ASSIGNMENT = What you return must be the full listing, word for word, with no images in it.

SUPPLIED DATA =
┏━━

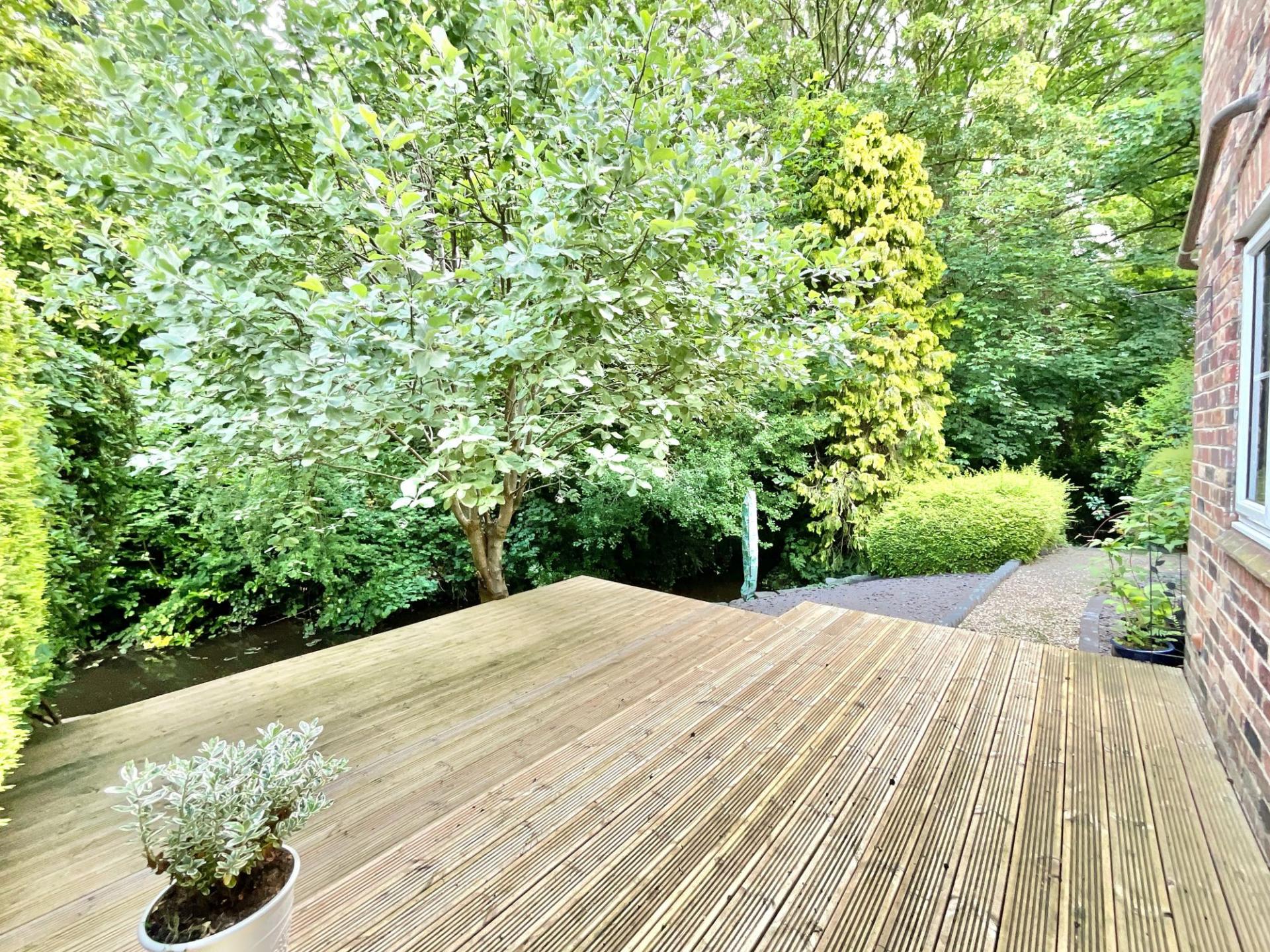• Outside, a riverside retreat awaits with an initial rear garden to enjoy with a lovely decking area, while further along the river a large patch of lawn and shrubs is in need of your creative touc...
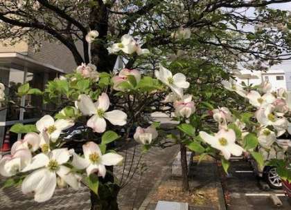久しぶりの青空の朝です。光陽小学校の敷地にはたくさんの花が見られ、気持ちがよいです。
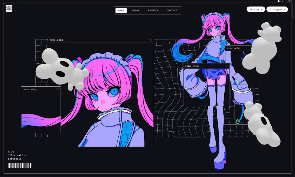 フリーのイラストレーターの1:09(いちき)です.東京を中心に活動,イベント出展多数.蛍光色とハッキリとした線のイラストを主に制作.ぬいぐるみやアパレル,グッズデザインなど幅広く活動しています.
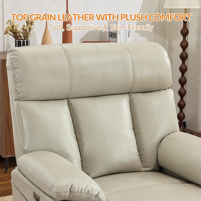 - Top Grain Leather – Premium Comfort & Easy Care:Upholstered in genuine top grain leather, this recliner brings both elegance and durability to your living space. It’s soft to the touch, resistant to wear, and easy to clean—ideal for everyday use.
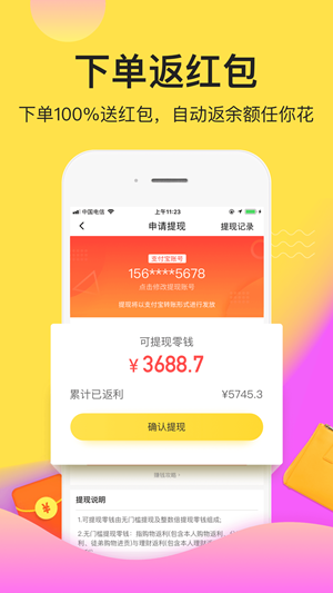 在获得的购物返利就是现金,可随提现到微信,超高返利等你来任性!
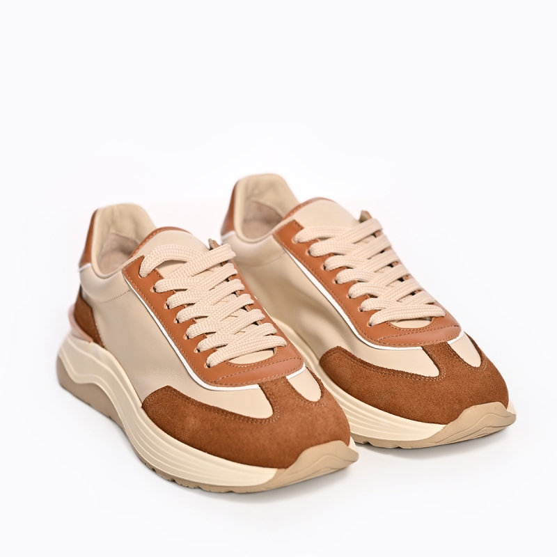Тези маратонки са изработени от висококачествена естествена кожа, гарантираща издръжливост и дълготрайност. Комбинацията от кафяви и бежови тонове придава изтънчен и модерен вид, който лесно се съчетава с различни стилове облекло. Дизайнът е допълнен от прецизни шевове и детайли, подчертаващи вниманието към качеството.
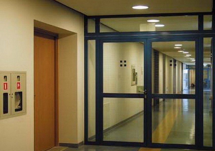 Стеклянная противопожарная дверь с алюминиевым профилем — прекрасный вариант для общественных помещений: она не плавится, не горит, не пропускает дым и огонь, а благодаря своей прозрачности предоставляет возможность вовремя заметить начавшийся внутри помещения пожар
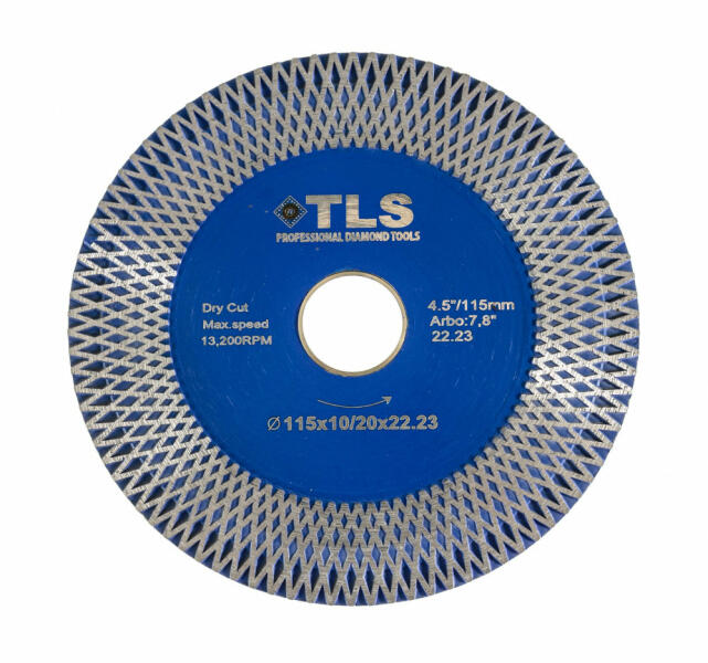 TLS W-PRO TURBO ultravékony 10/20 szegmenses 2 oldalas gyémánt vágó- és csiszoló korong Átmérő: d=115 mm Furatátmérő: d=22,23 mm Vágószegmens magasság : 10 mm egyik oldalon és 20 mm a másik oldalon Vágó szegmens vastagság: 1.6 mm Alkalmazás: száraz és vizes használat Alkalmazási terület: Gres, kőporcelán, kemény kerámiák, gránit, márvány, csempe, kemény anyagok,
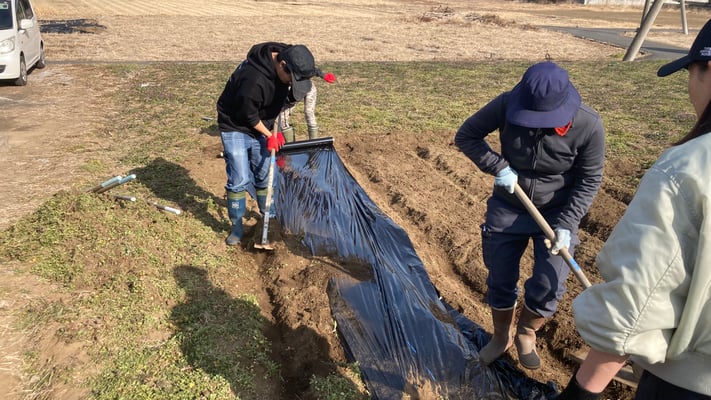 畝ができたらマルチを張ります。
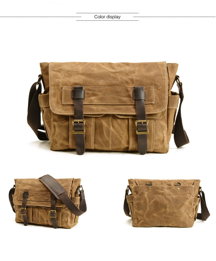 Style: Black Waxed Canvas SLR Camera Messenger Bag Mens Cycling Black Camera Messenger Bag For Men
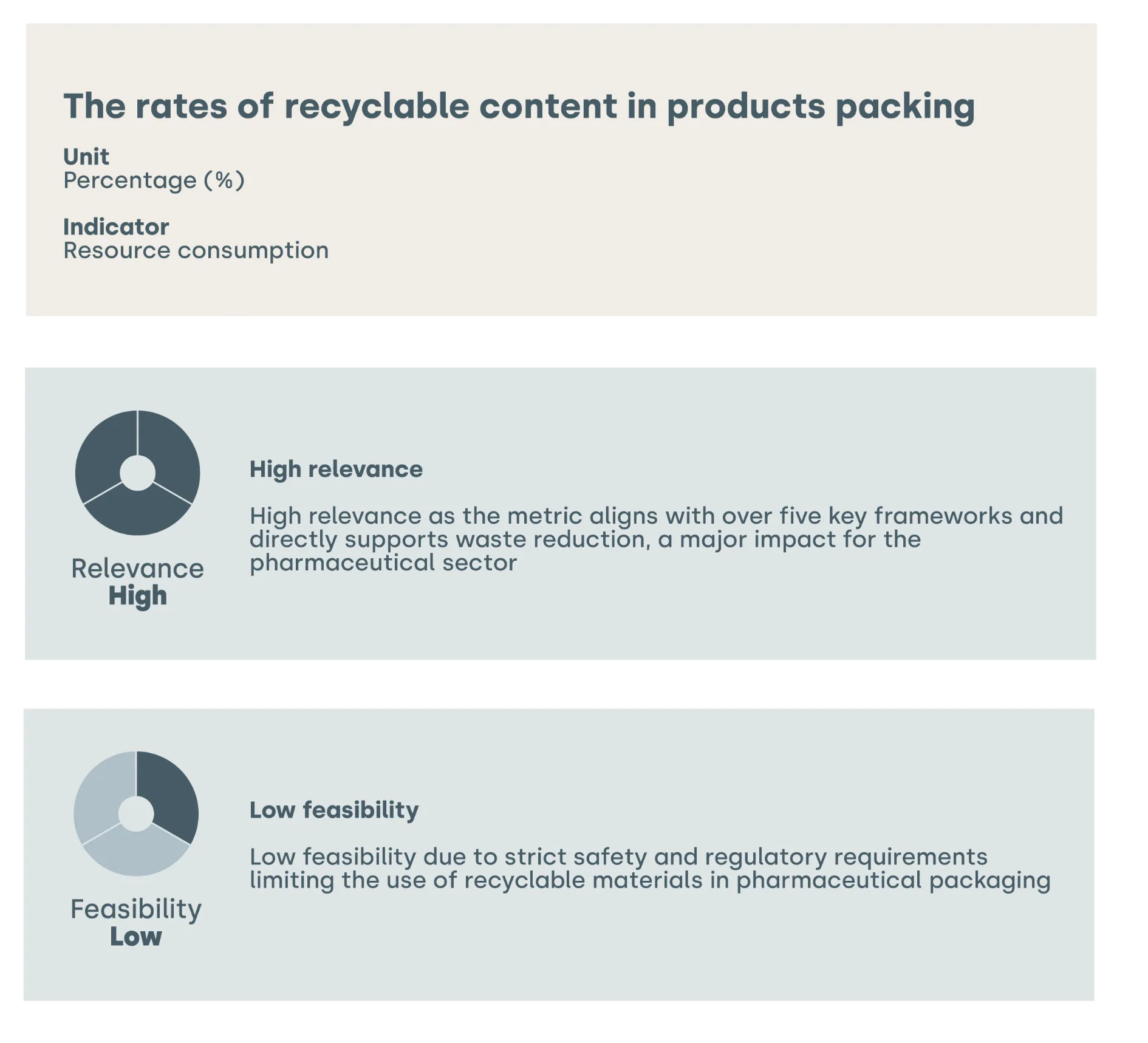 Relevance and feasibility of a metric linked to the pharmaceutical sector (example)
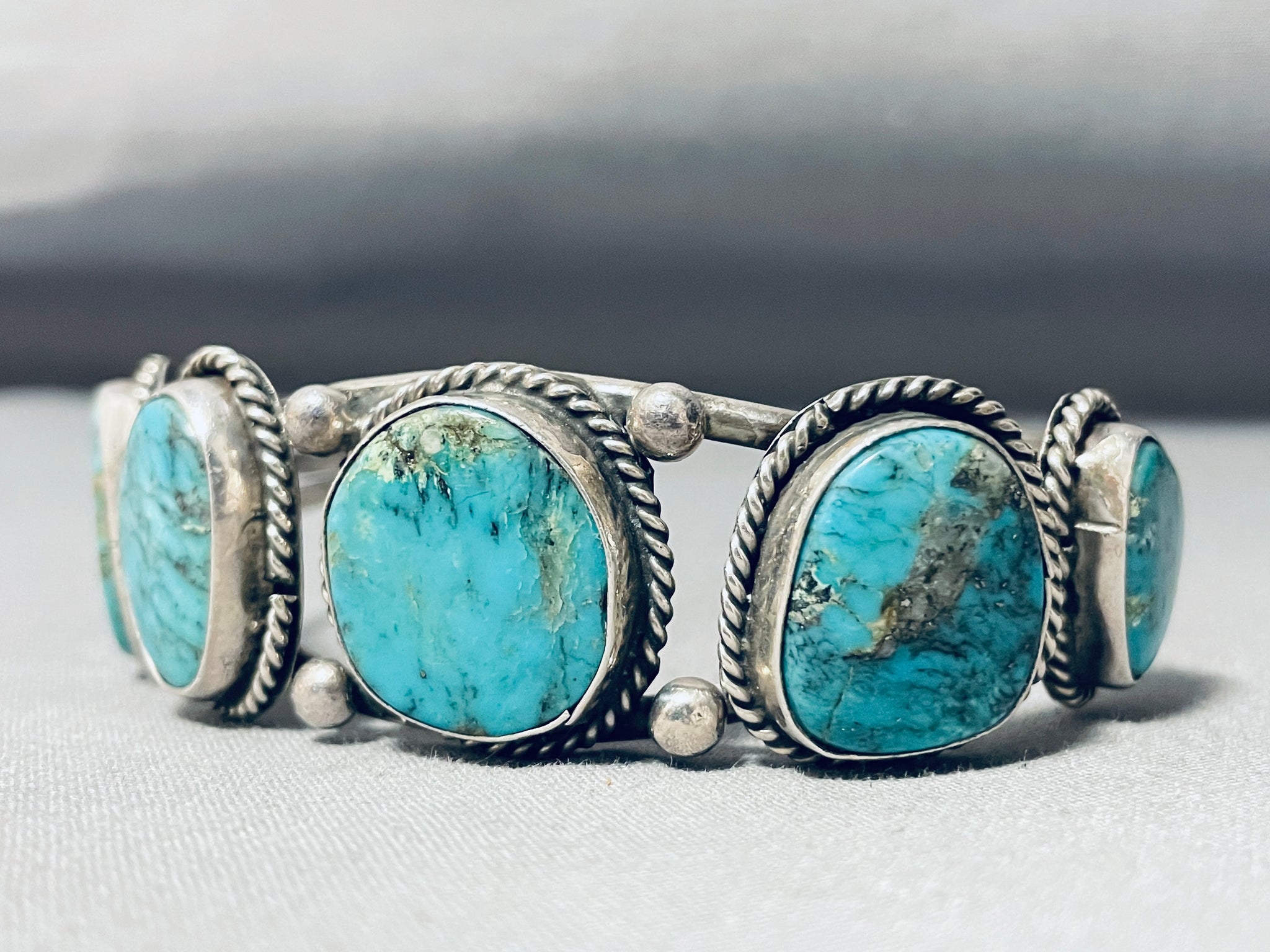 Authentic Vintage Native American Navajo Blue Turquoise Sterling Silver Bracelet Cuff

┗━━

PROBLEM SOLUTION =
• Outside, a riverside retreat awaits with an initial rear garden to enjoy with a lovely decking area, while further along the river a large patch of lawn and shrubs is in need of your creative touc...
久しぶりの青空の朝です。光陽小学校の敷地にはたくさんの花が見られ、気持ちがよいです。
 フリーのイラストレーターの1:09(いちき)です.東京を中心に活動,イベント出展多数.蛍光色とハッキリとした線のイラストを主に制作.ぬいぐるみやアパレル,グッズデザインなど幅広く活動しています.
 - Top Grain Leather – Premium Comfort & Easy Care:Upholstered in genuine top grain leather, this recliner brings both elegance and durability to your living space. It’s soft to the touch, resistant to wear, and easy to clean—ideal for everyday use.
 在获得的购物返利就是现金,可随提现到微信,超高返利等你来任性!
Тези маратонки са изработени от висококачествена естествена кожа, гарантираща издръжливост и дълготрайност. Комбинацията от кафяви и бежови тонове придава изтънчен и модерен вид, който лесно се съчетава с различни стилове облекло. Дизайнът е допълнен от прецизни шевове и детайли, подчертаващи вниманието към качеството.
 Стеклянная противопожарная дверь с алюминиевым профилем — прекрасный вариант для общественных помещений: она не плавится, не горит, не пропускает дым и огонь, а благодаря своей прозрачности предоставляет возможность вовремя заметить начавшийся внутри помещения пожар
 TLS W-PRO TURBO ultravékony 10/20 szegmenses 2 oldalas gyémánt vágó- és csiszoló korong Átmérő: d=115 mm Furatátmérő: d=22,23 mm Vágószegmens magasság : 10 mm egyik oldalon és 20 mm a másik oldalon Vágó szegmens vastagság: 1.6 mm Alkalmazás: száraz és vizes használat Alkalmazási terület: Gres, kőporcelán, kemény kerámiák, gránit, márvány, csempe, kemény anyagok,
 畝ができたらマルチを張ります。
 Style: Black Waxed Canvas SLR Camera Messenger Bag Mens Cycling Black Camera Messenger Bag For Men
 Relevance and feasibility of a metric linked to the pharmaceutical sector (example)
 Authentic Vintage Native American Navajo Blue Turquoise Sterling Silver Bracelet Cuff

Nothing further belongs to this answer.